I have a script that replaces a word with a synonym using NLTK and WordNet. As far as I can tell, the most effective way to find a synonym by lemmatizing, but that removes conjugation from the process.

For example, say I want to replace "bored" with "drilled"...

word = 'bored'
syns = []
wordNetSynset =  wn.synsets(word)
for synSet in wordNetSynset:
     for w in synSet.lemma_names():
        syns.append(w)

set(syns)

Output:

{'blase', 'bore', 'bored', 'drill', 'tire', 'world-weary'}

I can use some POS filtering to make sure I only return verbs, but they won't be conjugated appropriately. I can get "bore", "drill" and "tire" ... how do I get "bored", "drilled" and "tired"? Or, if I do nouns, what if I want "bores", "drills" or "tires"?

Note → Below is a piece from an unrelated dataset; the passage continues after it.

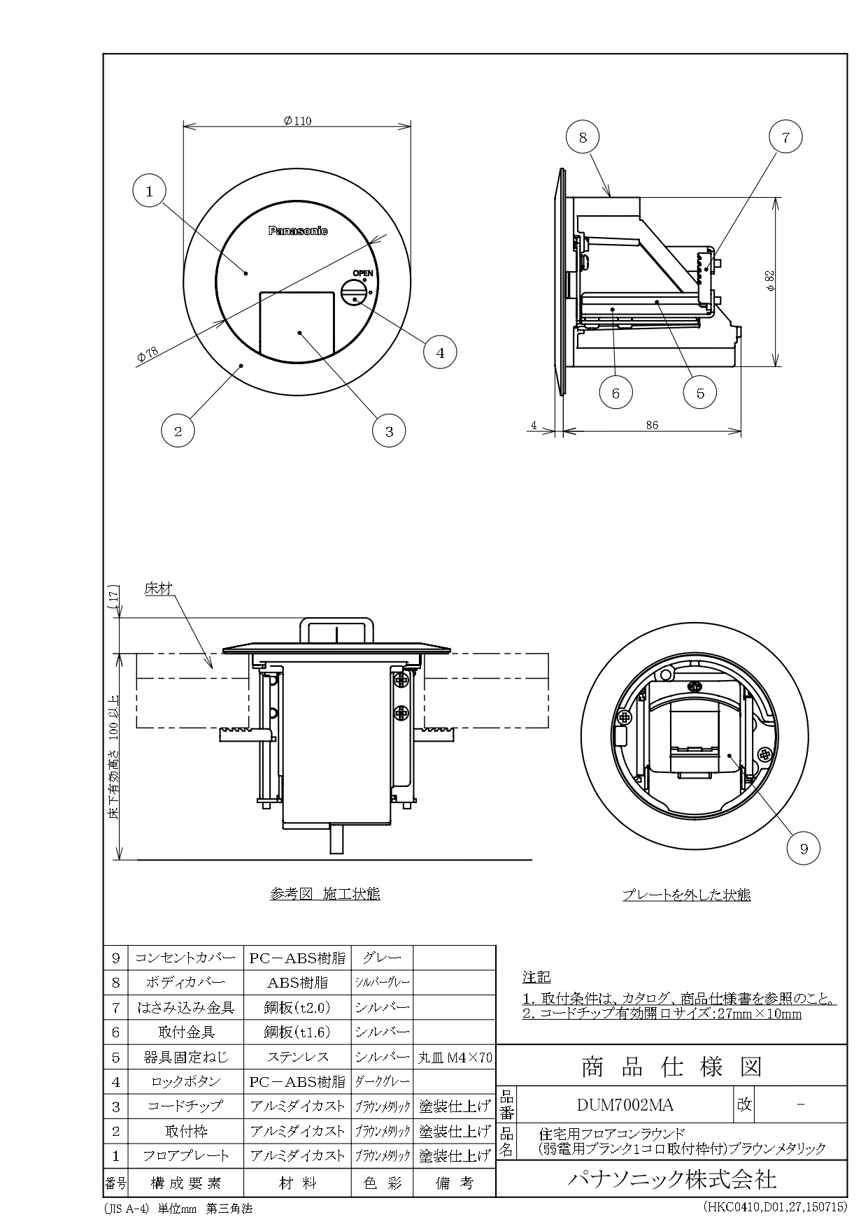 DUM7002MA 住宅用フロアコンラウンド 弱電用ブランク1コ口 取付枠付 ブラウンメタリック

(I will be going over these manually, so meaning is not an issue right now.)

1
I'm not sure there's an easy way with NLTK to do this. You could use Lemminflect (my project) and have it inflect the synonym, based the Penn-Treebank tag of the original word. - bivouac0

1 Answers

0
votes

This is a task for surface realisation. After lemmatiziation and finding the appropriate synonym, you can inflect the lemma using e.g. simpleNLG or another surface realiser of your choice. What you need to do is check the inflection type (e.g. 3rd person past) of the original word and restore on the synonym using the functions of the surface realisation module.